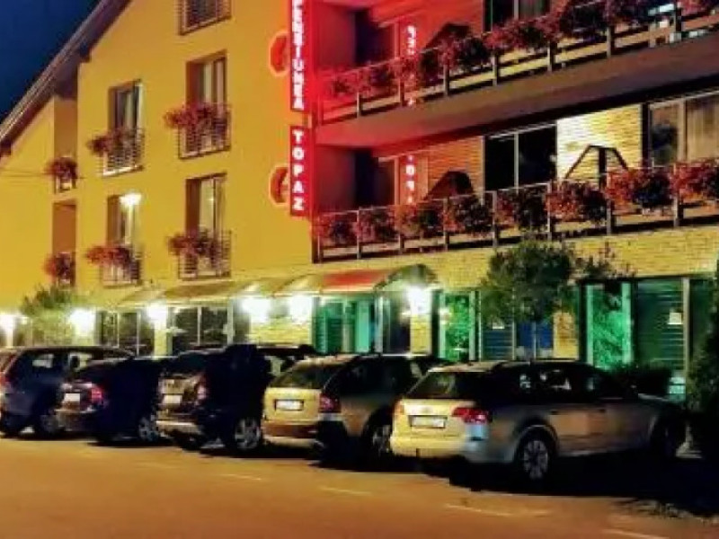 A great option for a journey on a budget - hotel Pensiunea Topaz is located in Baile Felix. This hotel is located in the city center. Before going to bed, you can take a walk and enjoy the main landmarks of the city.A great option for a journey on a budget - hotel Pensiunea Topaz is located in Baile Felix. This hotel is located in the city center. Before going to bed, you can take a walk and enjoy the main landmarks of the city.Spend an evening in a nice atmosphere of the bar. Want to be always on-line? Wi-Fi is available. Specially for tourists who travel by car, theres a parking zone. Here, you can treat yourself with water procedures as there will be a pool.If you want to make your journey even more comfortable, you can order a transfer. At the guests disposal, theres also a laundry, ironing and a safe-deposit box. The staff of the hotel will be happy to talk to you in English and Italian.Spend an evening in a nice atmosphere of the bar. Want to be always on-line? Wi-Fi is available. Specially for tourists who travel by car, theres a parking zone. Here, you can treat yourself with water procedures as there will be a pool.If you want to make your journey even more comfortable, you can order a transfer. At the guests disposal, theres also a laundry, ironing and a safe-deposit box. The staff of the hotel will be happy to talk to you in English and Italian.
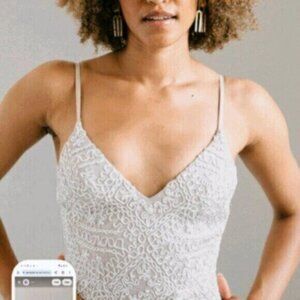 NWT Laudae off-white/nude fitted lace wedding dress with train
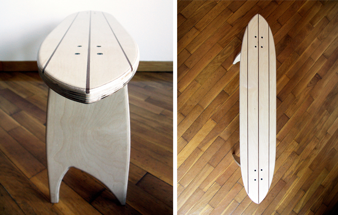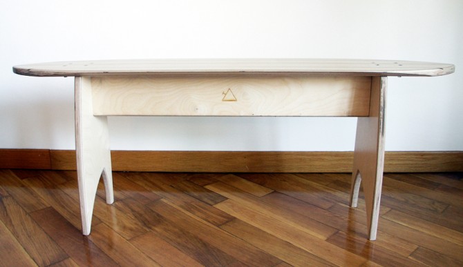 In November 2014, we at Pine & Tree decided to come out with a new product. Our main purpose behind it? To let the customer decide how they wanted to use it. So we handcrafted a plywood twin-tip bench, which happens to also be a skateboard. Imagine: your favorite chair where you like kicking your feet up at the end of the day has a double life. During the day, it’s a bench and it stays at your house, your office, or at your secret spot — wherever you want it to be. At night, though, it turns into a skateboard. By simply removing its legs, anyone can put tracks and wheels on, and go surfing the streets.
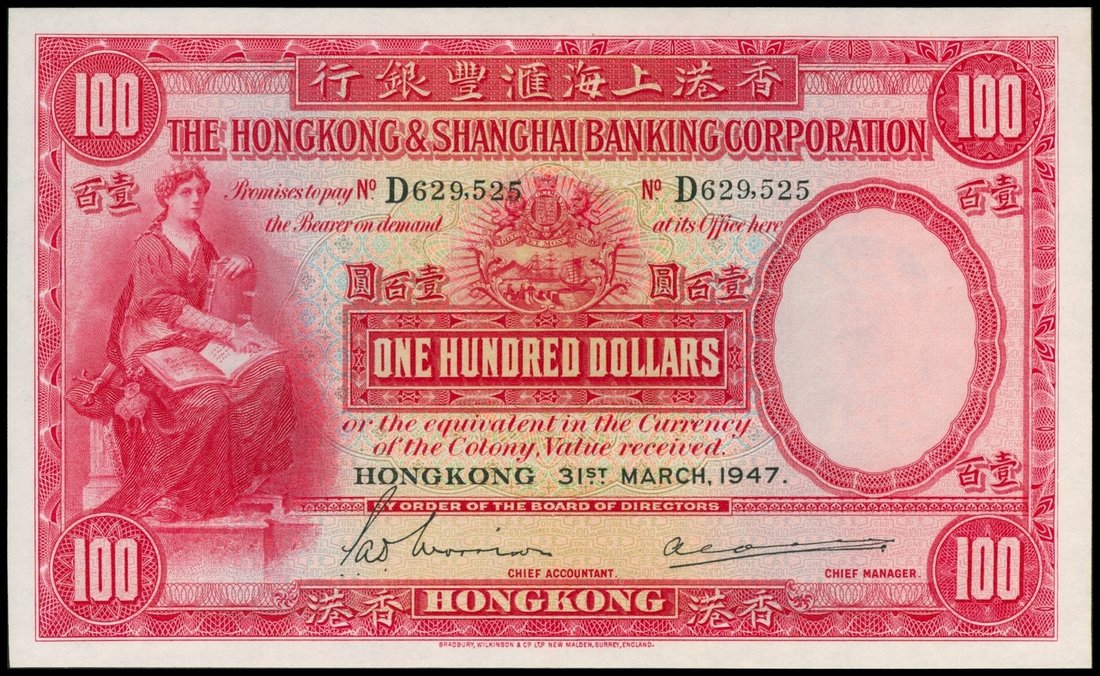 The HongKong and Shanghai Banking Corporation, $100, 31.3.1947, serial number D629525, red on multicoloured underprint, maiden at left, arms top centre, value at centre and each corner, manuscript signatures at bottom, reverse red, bank building at centre, angel above,
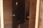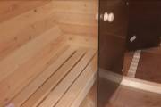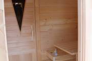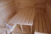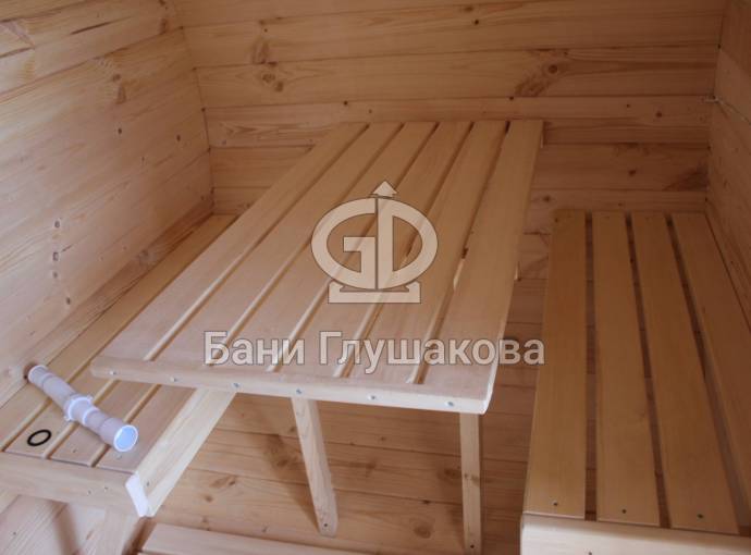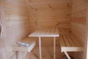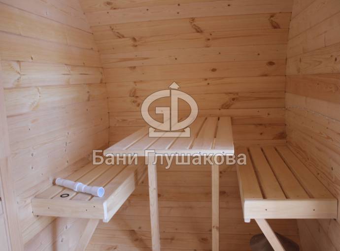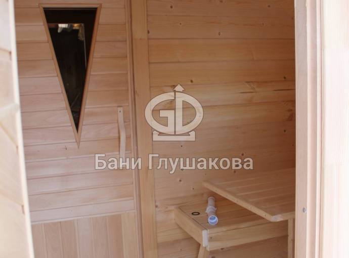 Внутри 3 помещения: предбанник, моечная/душевая комната, сауна. Снаружи полноценная терраса со скамеечкой и уличным освещением. Входная дверь несколько смещена в сторону — для удобства нахождения на террасе и в предбаннике.

════════════════

Exercise:
Give back the records above exactly, with no pictures.

Answer space:
 A great option for a journey on a budget - hotel Pensiunea Topaz is located in Baile Felix. This hotel is located in the city center. Before going to bed, you can take a walk and enjoy the main landmarks of the city.A great option for a journey on a budget - hotel Pensiunea Topaz is located in Baile Felix. This hotel is located in the city center. Before going to bed, you can take a walk and enjoy the main landmarks of the city.Spend an evening in a nice atmosphere of the bar. Want to be always on-line? Wi-Fi is available. Specially for tourists who travel by car, theres a parking zone. Here, you can treat yourself with water procedures as there will be a pool.If you want to make your journey even more comfortable, you can order a transfer. At the guests disposal, theres also a laundry, ironing and a safe-deposit box. The staff of the hotel will be happy to talk to you in English and Italian.Spend an evening in a nice atmosphere of the bar. Want to be always on-line? Wi-Fi is available. Specially for tourists who travel by car, theres a parking zone. Here, you can treat yourself with water procedures as there will be a pool.If you want to make your journey even more comfortable, you can order a transfer. At the guests disposal, theres also a laundry, ironing and a safe-deposit box. The staff of the hotel will be happy to talk to you in English and Italian.
 NWT Laudae off-white/nude fitted lace wedding dress with train
 In November 2014, we at Pine & Tree decided to come out with a new product. Our main purpose behind it? To let the customer decide how they wanted to use it. So we handcrafted a plywood twin-tip bench, which happens to also be a skateboard. Imagine: your favorite chair where you like kicking your feet up at the end of the day has a double life. During the day, it’s a bench and it stays at your house, your office, or at your secret spot — wherever you want it to be. At night, though, it turns into a skateboard. By simply removing its legs, anyone can put tracks and wheels on, and go surfing the streets.
 The HongKong and Shanghai Banking Corporation, $100, 31.3.1947, serial number D629525, red on multicoloured underprint, maiden at left, arms top centre, value at centre and each corner, manuscript signatures at bottom, reverse red, bank building at centre, angel above,
 Внутри 3 помещения: предбанник, моечная/душевая комната, сауна. Снаружи полноценная терраса со скамеечкой и уличным освещением. Входная дверь несколько смещена в сторону — для удобства нахождения на террасе и в предбаннике.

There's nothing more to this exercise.